There are somewhat more earthbound works on stone in the exhibition, too. Just as the Protestant Reformation had spurred a renewed engagement with faith and scripture, it also opened up new possibilities for art based in the scientific and secular worlds. In the exhibition, two works that are both on marble and of marble – a still life on a marble ledge by Gerard van Spaendonck and the interior of a marble church by Wilhelm van Ehrenberg – are delights for the eye, a kind of visual pun. But the marriage of surface with story seen in works like “Tempesta’s Annunciation” is really the strength and the focus of the exhibition. How better to visually represent the blending of the material and metaphysical worlds that is the Annunciation than on this singular piece of alabaster? As previously noted, its concentric rings compositionally separate the realms of heaven and earth, with a ray of holy light passing between them.

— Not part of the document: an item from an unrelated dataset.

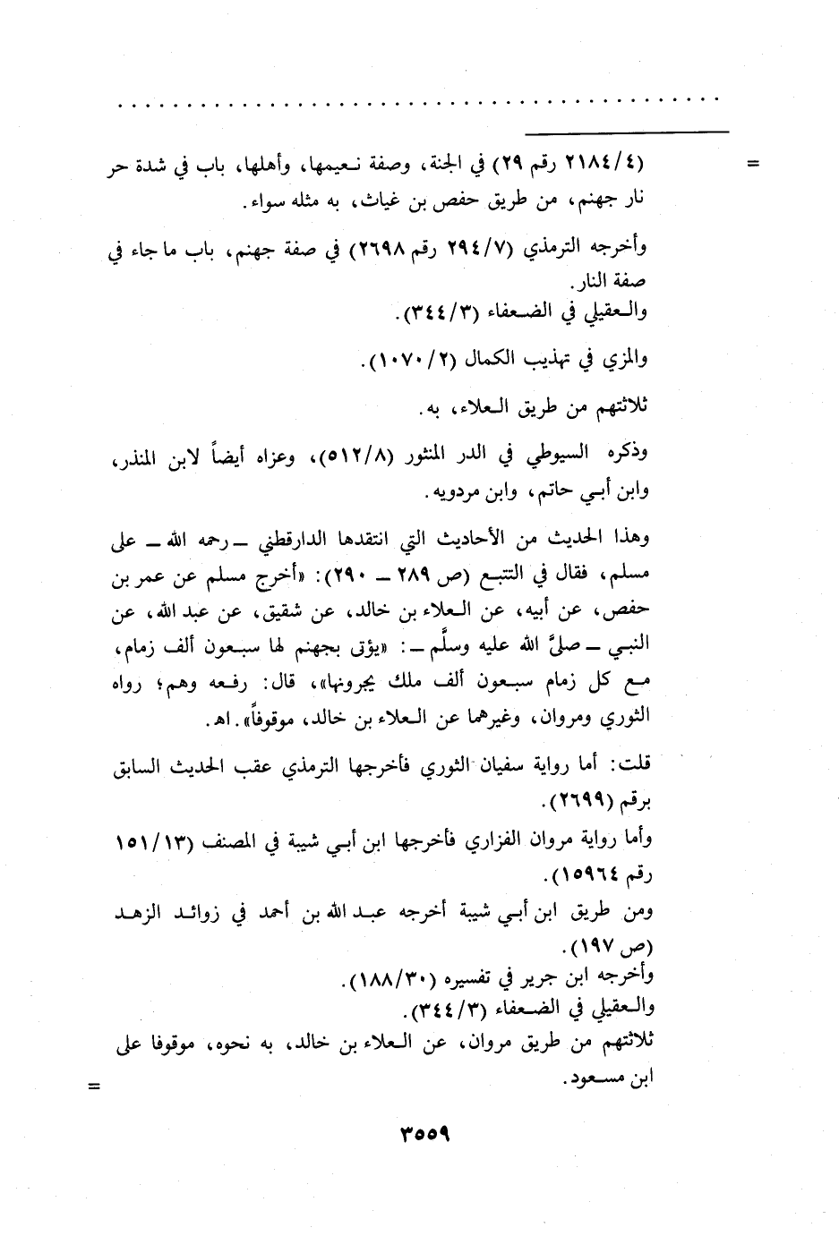 وهذا الحديث من الأحاديث التي انتقدها الدارقطني -رحمه الله- على مسلم، فقال في التتبع (ص 289 - 290): "أخرج مسلم عن عمر بن حفص، عن أبيه، عن العلاء بن خالد، عن شقيق، عن عبد الله، عن النبي -صلى الله عليه وسلم-: "يؤتى بجهنم لها سبعون ألف زمام، مع كل زمام سبعون ألف ملك يجرونها"، قال: رفعه وهم؛ رواه الثوري ومروان، وغيرهما عن العلاء بن خالد، موقوفاً". اهـ.

Beyond that, the very material of alabaster itself, with its translucent quality and associations with funerary sculpture, somehow manages to symbolize both the purity of the Virgin Mary – which, like the stone, allowed light to pass through without damage – and the ultimate fate of the son she will bear.
The exhibition as a whole is an ambitious undertaking. Of the more than 70 paintings, the majority are international loans, many from private collections, each requiring their own set of negotiations during a time when overseas travel and shipping are unusually complicated (the show was originally planned for 2020 but postponed for pandemic-related reasons). Further, the works come with their own display challenges: many are reflective, making them complicated to light; several works must be displayed inside clear Plexiglas boxes to protect them from visitors’ curious hands; and on the whole, they are quite small, making the hanging of the show a complex aesthetic feat. Mann jokes that it could be a challenge to avoid having the object labels be three times the size of the objects themselves. “We’ve chosen our words very carefully,” she says, “but we’ve tried to bring out the richness, because to me that’s what this show is about.”